How To Setup Apache Spark On Hadoop Cluster

Spark is a framework that uses RDD to process massive volumes of data by referencing external distributed databases. Machine learning applications, data analytics, and graph-parallel processing all employ Spark in distributed computing.
We discussed Spark in detail in the previous blog, now this tutorial will walk you through installing and testing Apache Spark on Ubuntu 20.04.

Step 1: Download and install the Apache Spark binaries

Spark binaries are available from https://spark.apache.org/downloads.html. Download the latest version of the spark from the website given above.

Log on node-master as the Hadoop user and run the following command:

$ wget  https://dlcdn.apache.org/spark/spark-3.2.1/spark-3.2.1-bin-hadoop3.2.tgz
$ tar -xvf spark-3.2.1-bin-hadoop3.2.tgz
$ mv spark-3.2.1-bin-hadoop3.2 spark

Step 2: Spark Master Configuration

2.1 Integrate Spark with YARN

Edit the bashrc file /home/hdoop/.bashrc and add the following lines:

export SPARK_HOME=/home/hdoop/spark
export PATH=/home/hdoop/spark/bin:$PATH
export LD_LIBRARY_PATH=/home/hdoop/hadoop/lib/native:$LD_LIBRARY_PATH

Use the following command for sourcing the ~/.bashrc file.

$ source ~/.bashrc

Restart your session by logging out and logging in again.

Now, we have to rename the spark default template config file:

$ cp $SPARK_HOME/conf/spark-defaults.conf.template $SPARK_HOME/conf/spark-defaults.conf

Edit $SPARK_HOME/conf/spark-defaults.conf and set spark.master to yarn:

spark.master yarn

Spark is now ready to interact with your YARN cluster.

2.2 Edit spark-env.sh

Move to the spark conf folder and create a copy of the template of spark-env.sh and rename it.

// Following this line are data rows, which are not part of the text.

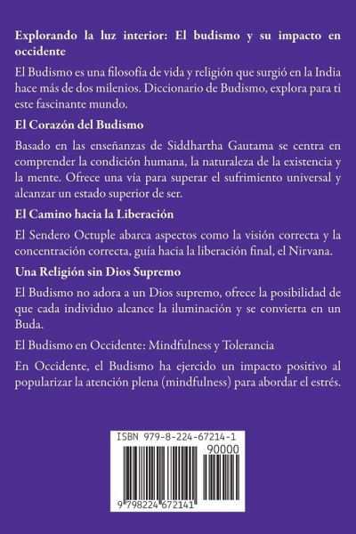 Explorando la luz interior: El budismo y su impacto en occidente El Budismo es una filosofía de vida y religión que surgió en la India hace más de dos milenios. Diccionario de Budismo, explora para ti este fascinante mundo. El Corazón del Budismo Basado en las enseñanzas de Siddhartha Gautama se centra en comprender la condición humana, la naturaleza de la existencia y la mente. Ofrece una vía para superar el sufrimiento universal y alcanzar un estado superior de ser. El Camino hacia la Liberación El Sendero Octuple abarca aspectos como la visión correcta y la concentración correcta, guía hacia la liberación final, el Nirvana. Una Religión sin Dios Supremo El Budismo no adora a un Dios supremo, ofrece la posibilidad de que cada individuo alcance la iluminación y se convierta en un Buda. El Budismo en Occidente: Mindfulness y Tolerancia En Occidente, el Budismo ha ejercido un impacto positivo al popularizar la atención plena (mindfulness) para abordar el estrés.
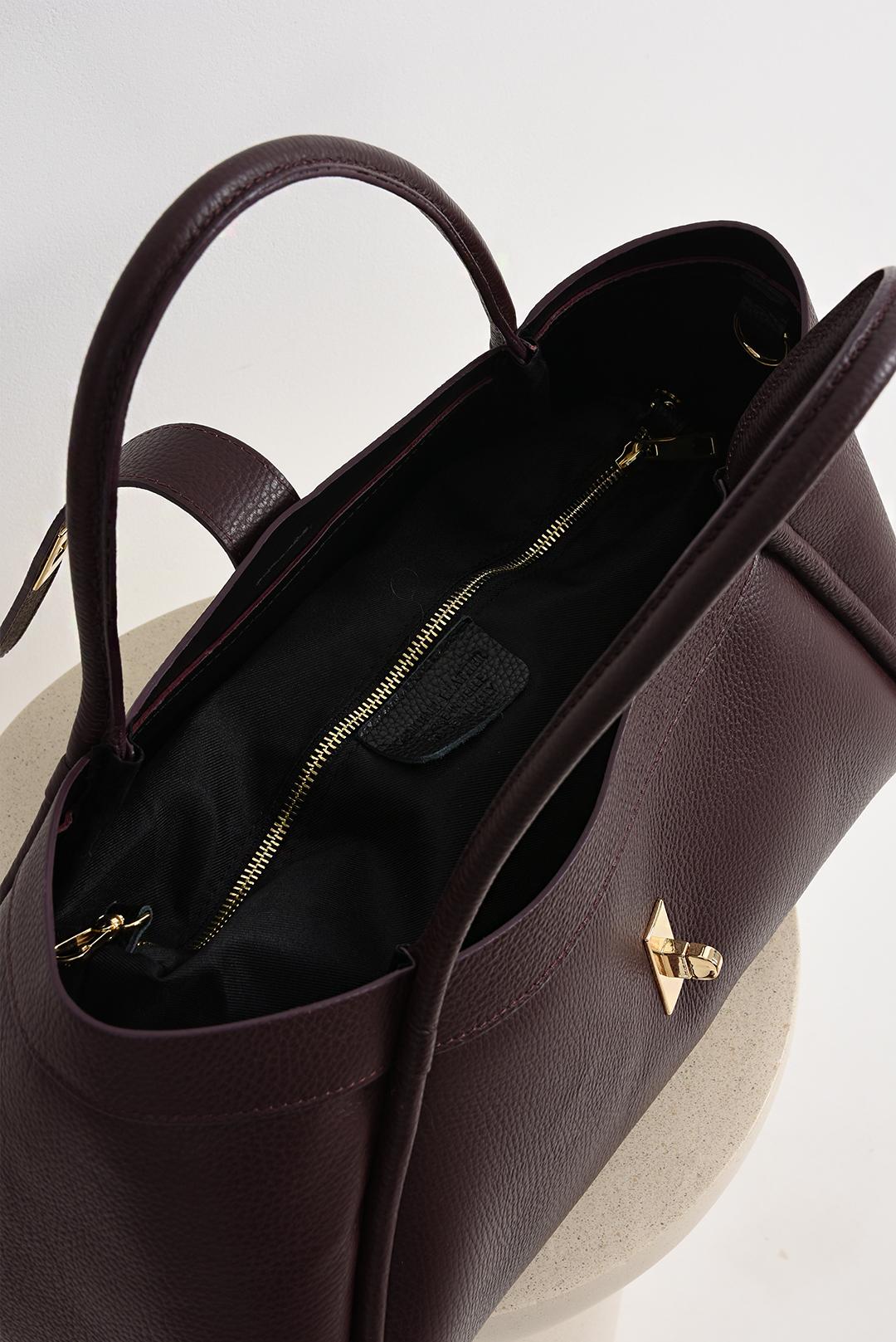 • kožená burgundy kabelka soft tote bag od PECA del SOL je jako klidná jistota každého dne, jemná na dotek a přitom dostatečně výrazná, aby dodala outfitům charakter
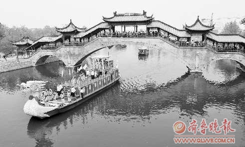 4月30日,“乾隆巡游台儿庄”实景演出剧目在京杭运河台儿庄古运河首次上演。据了解,自今年“五一”起,台儿庄古城将再现当年乾隆皇帝乘龙舟巡游台儿庄时的历史境况,让游客身临其境感受台儿庄古城当年“一河渔火,十里歌声,夜不罢市”的胜景。
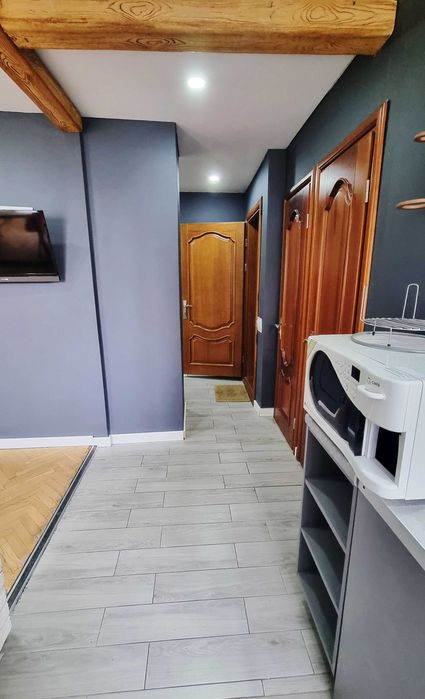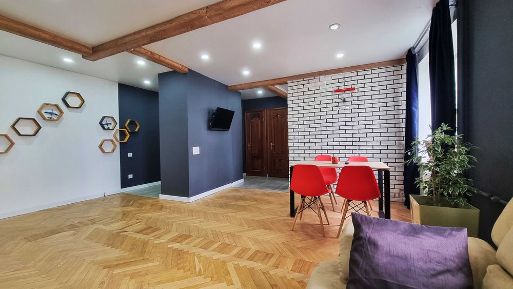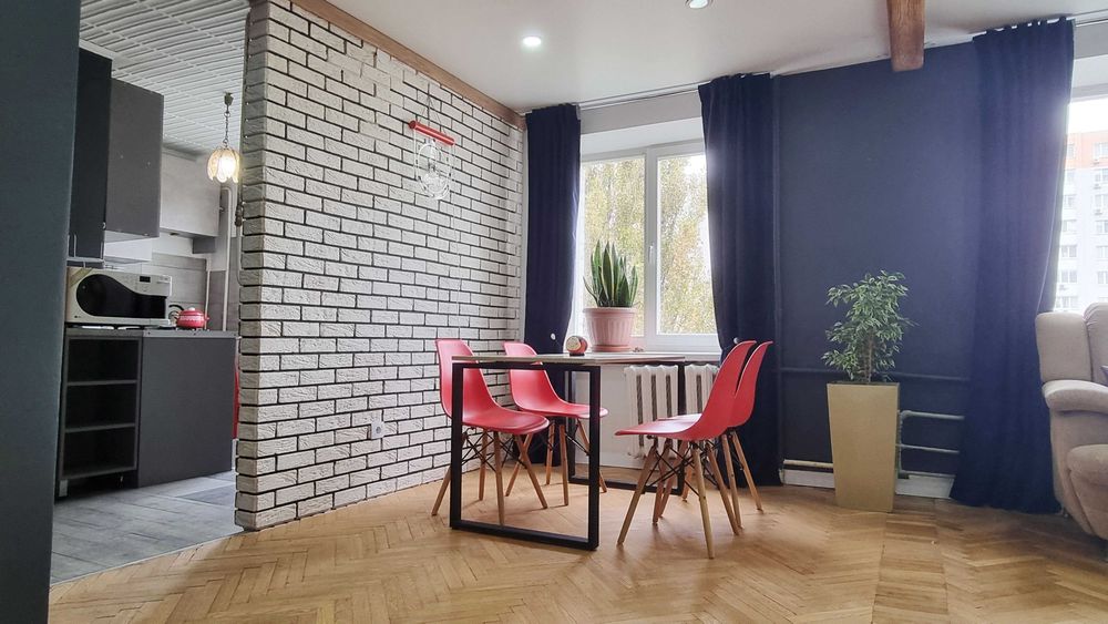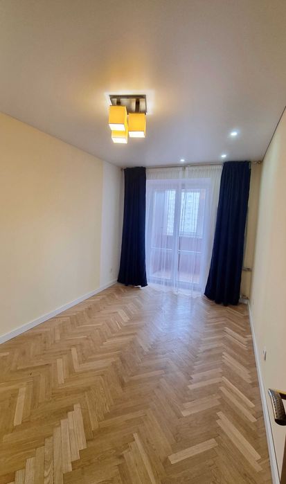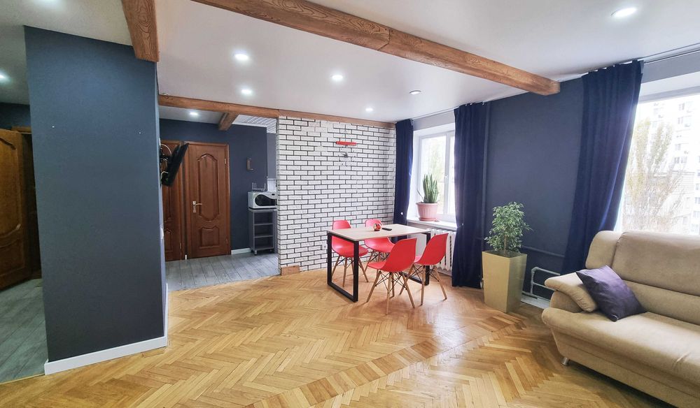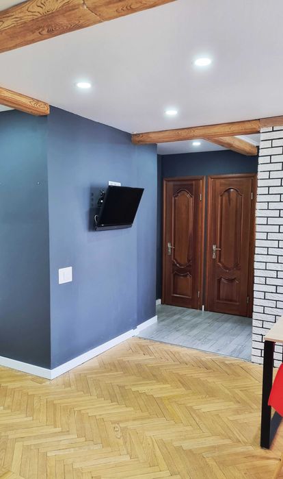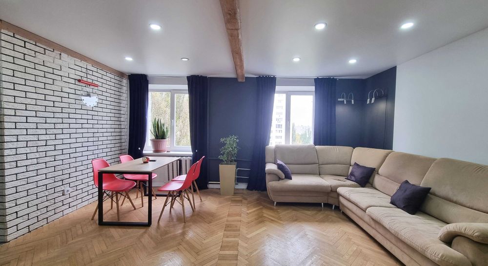 9 поверх. В квартирі свіжий сучасний ремонт. Одразу як заходите відкритий простір, в якому об’єднанні кімнати та кухня. Це створює відчуття великого простору. При цьому колона-шафа на вході все ж прикриває загальний вид, чим створює затишок.
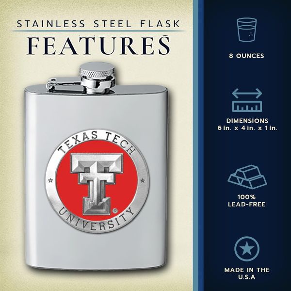 • PERFECT GIFT FOR ANY NCAA FAN -This 8-ounce flask is made from 100% stainless steel and features an intricate Fine Pewter casting--makes a great gift, especially for groomsmen! These flasks are lightweight and easy-to-clean and feature an attached cap that can't be lost or misplaced.
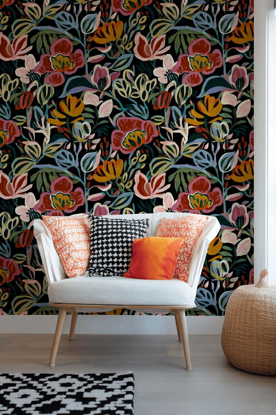 Bold and dynamic, this wallpaper showcases oversized multicolor floral patterns on a deep black background. The vivid hues and painterly texture create a striking artwork-like feel, offering a modern twist to traditional floral motifs.Perfect for living or dining room feature walls where contemporary meets artful expression. The rich backdrop allows the colors to pop, bringing a lively energizing element into the space.The dark tone absorbs light to create a dramatic ambiance. Paired with warm l
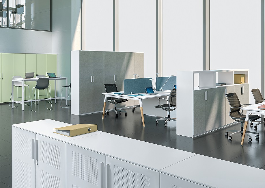 Une gamme complète d’armoires de haute qualité qui offre non seulement une capacité de rangement supérieure de 11% par rapport à l’Armoire à Rideaux, un environnement de travail esthétique et ordonné, un potentiel calorifique grâce à la structure en Acier mais également, selon vos besoins, un confort acoustique ou la chaleur du Bois.
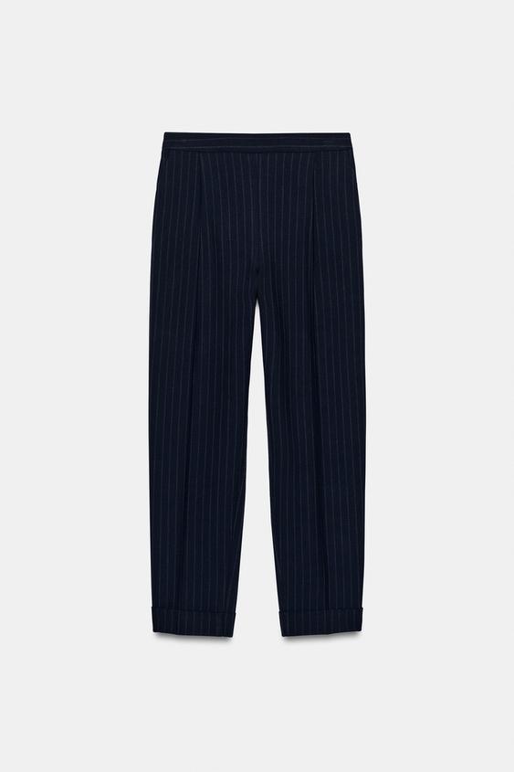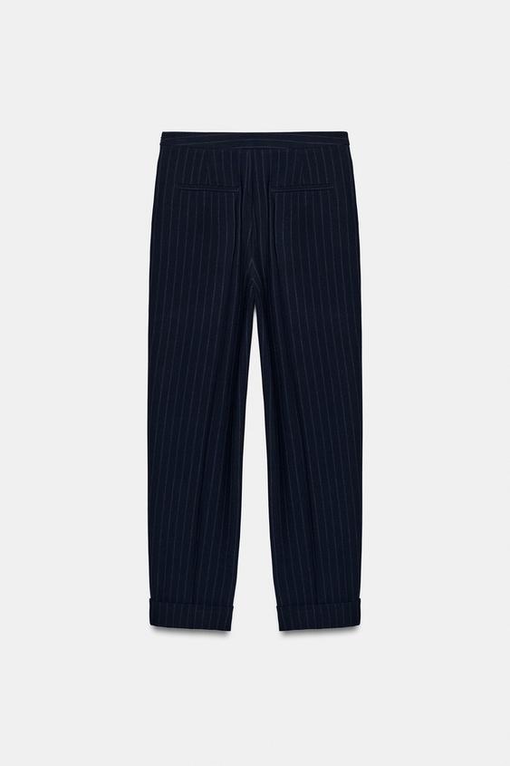ZARA БРЮКИ В ТОНКУЮ ПОЛОСКУ, МОРСКОЙ СИНИЙ
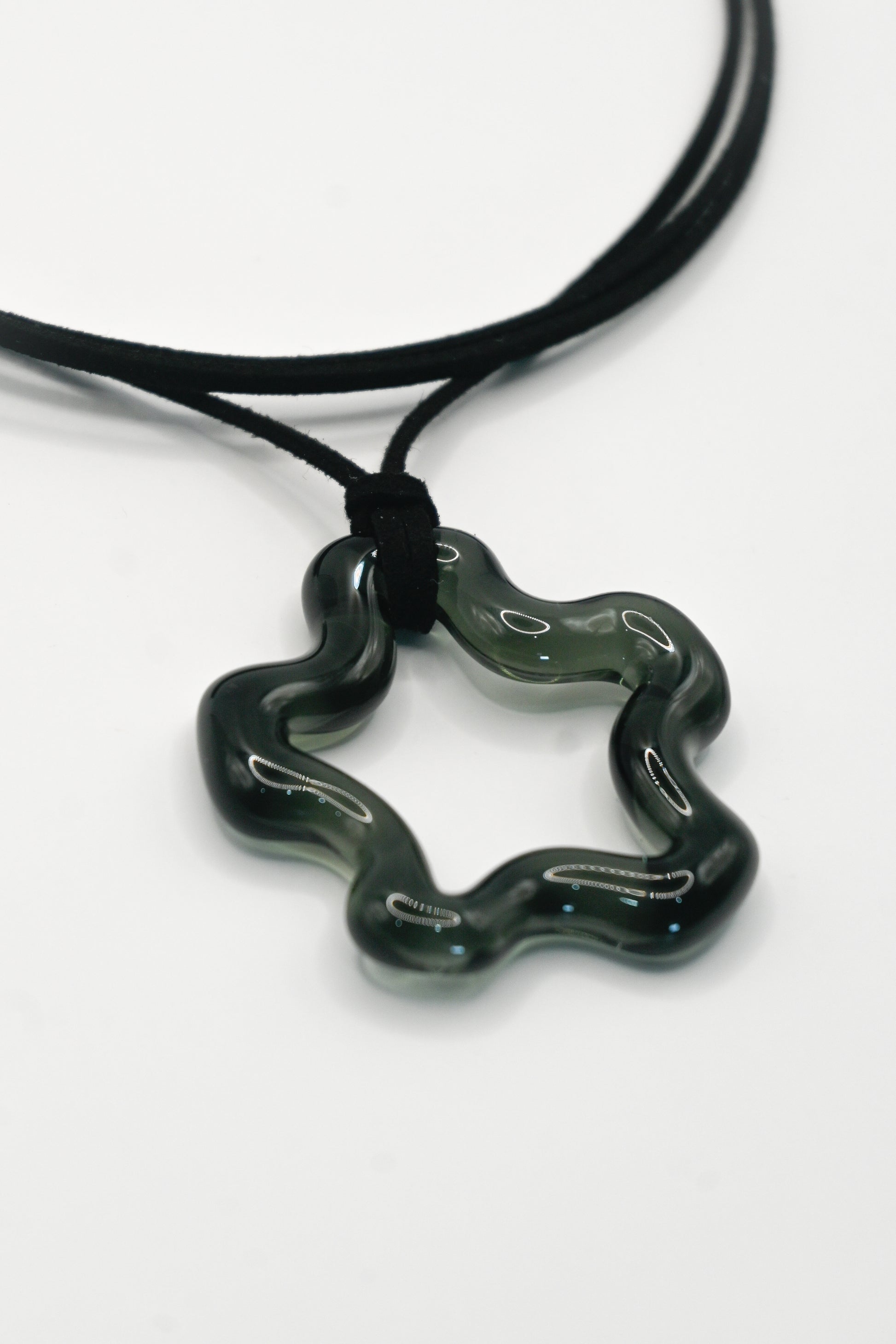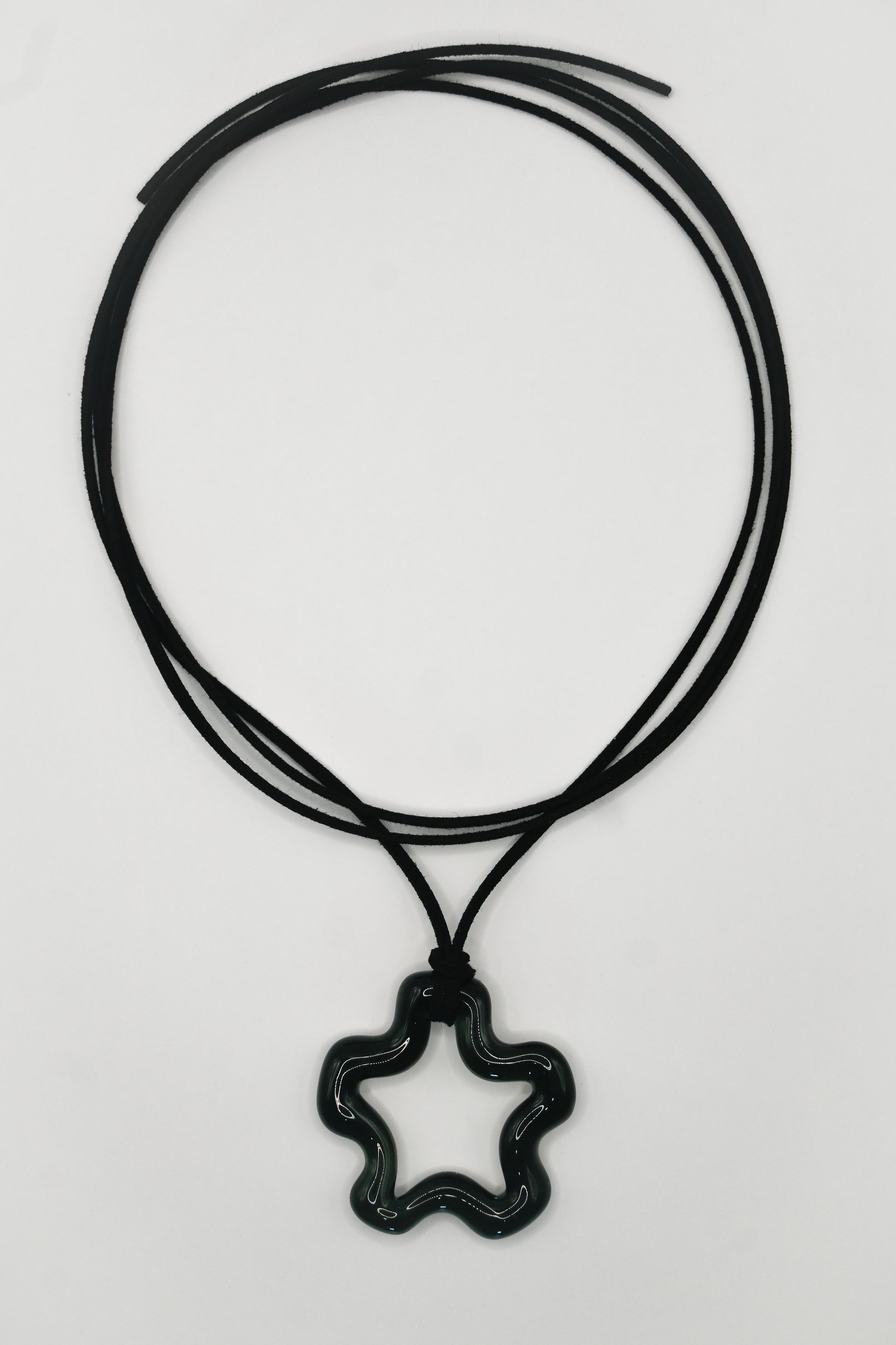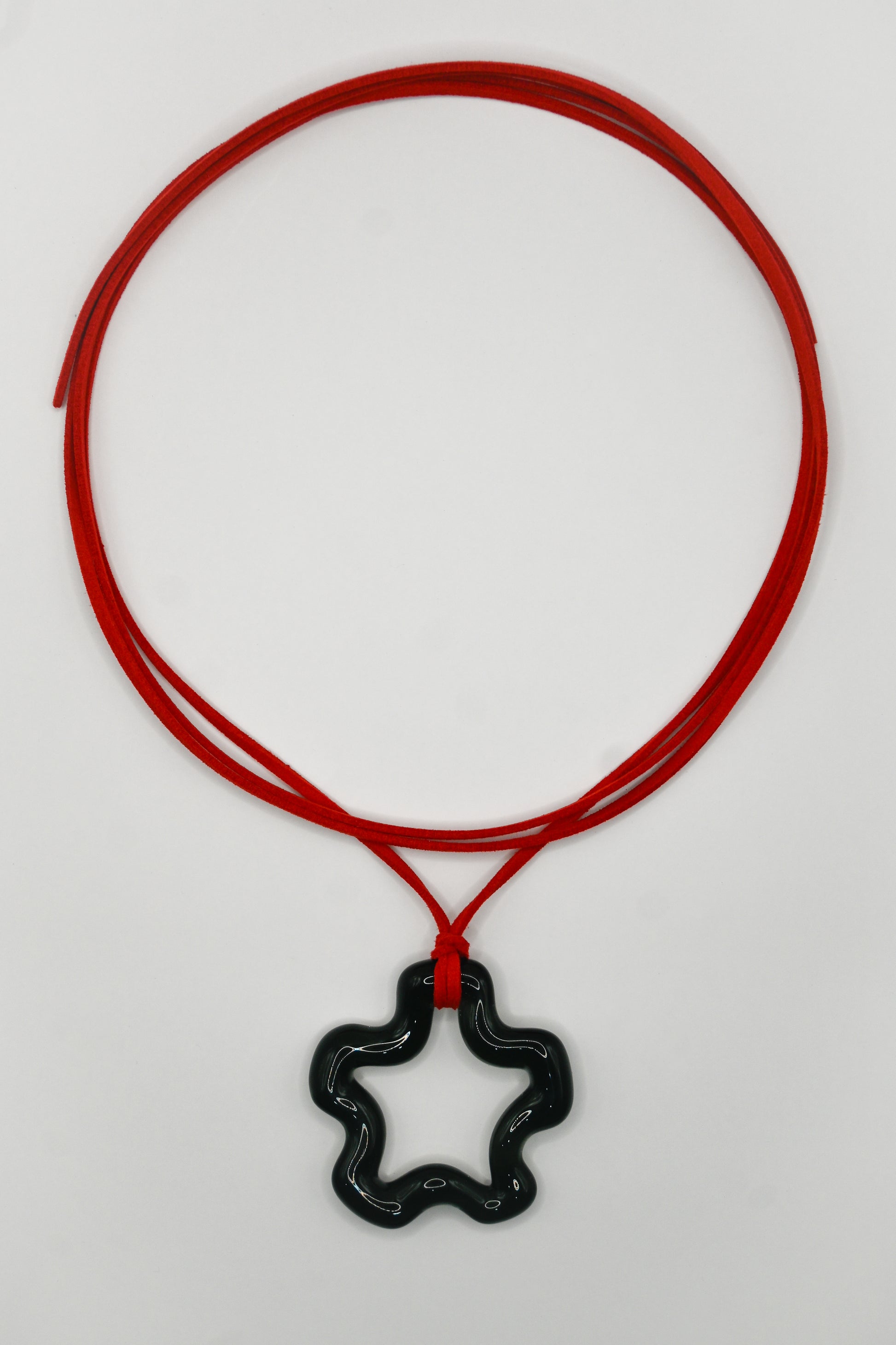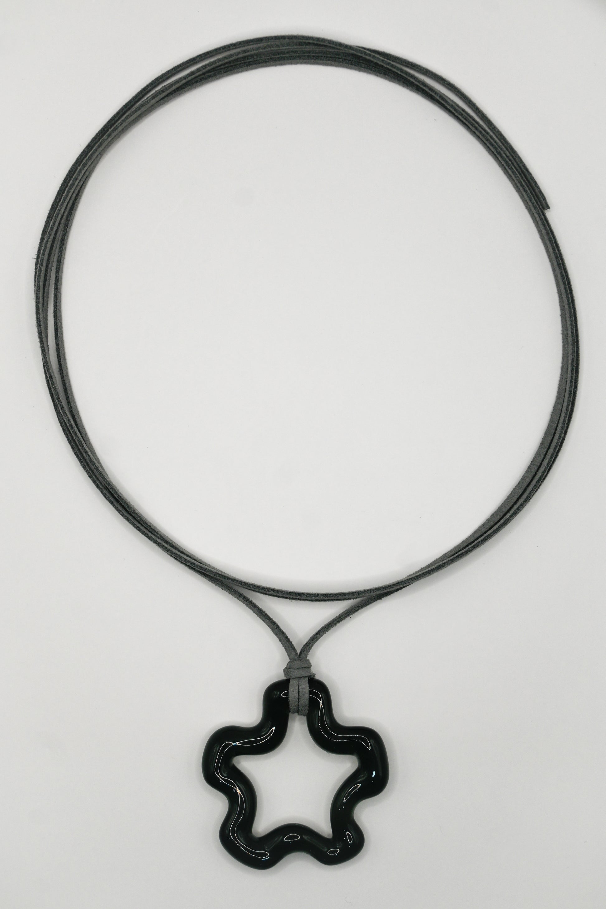 Un collar hecho a mano con vidrio y cordón de antelina plano presenta una estética artesanal y natural. La pieza central de forma irregular negra representando el coral del mar, moldeada a mano con detalles únicos y texturas fascinantes. El cordón de antelina plano complementa el estilo rústico y orgánico del collar, ofreciendo un contraste suave y elegante alrededor del cuello. Esta combinación crea una pieza de joyería que destaca por su simplicidad, pero al mismo tiempo, por su singularidad y belleza artesanal.

$ cd /home/hdoop/spark/conf
$ cp spark-env.sh.template spark-env.sh

Now edit the configuration file spark-env.sh.

$ sudo nano spark-env.sh

And set the following parameters. This is for the Multi-Node Hadoop cluster

export SPARK_MASTER_HOST='<MASTER-IP>'

export JAVA_HOME=<Path_of_JAVA_installation>

This is for Single-Node Hadoop Clutser

export SPARK_MASTER_HOST='<MASTER-IP>'

export JAVA_HOME=<Path_of_JAVA_installation>

2.3 Add Workers

Edit the configuration file slaves in (/home/hdoop/spark/conf).

$ sudo nano workers

If you have Multi-nodes then add the following entries:

master

slave01

slave02

Otherwise, for single node, you just have to add:

localhost

2.4 Start Spark Cluster

To start the spark cluster, run the following command on master.

$ cd /home/hdoop/spark
$ ./sbin/start-all.sh

Step 3: Check whether services have been started

To check daemons on master and slaves, use the following command.

$ jps

Step 4: Spark Web UI

Browse the Spark UI to know about worker nodes, running applications, and cluster resources.
http://localhost:8080/

Step 5: Start spark-sql

To run queries on the spark cluster, run the following command on any node.

$ cd /home/hdoop/spark
$ ./bin/spark-sql

Stop Spark Cluster

To stop the spark cluster, run the following command on master.

$ cd /home/hdoop/spark
$ ./sbin/stop-all.sh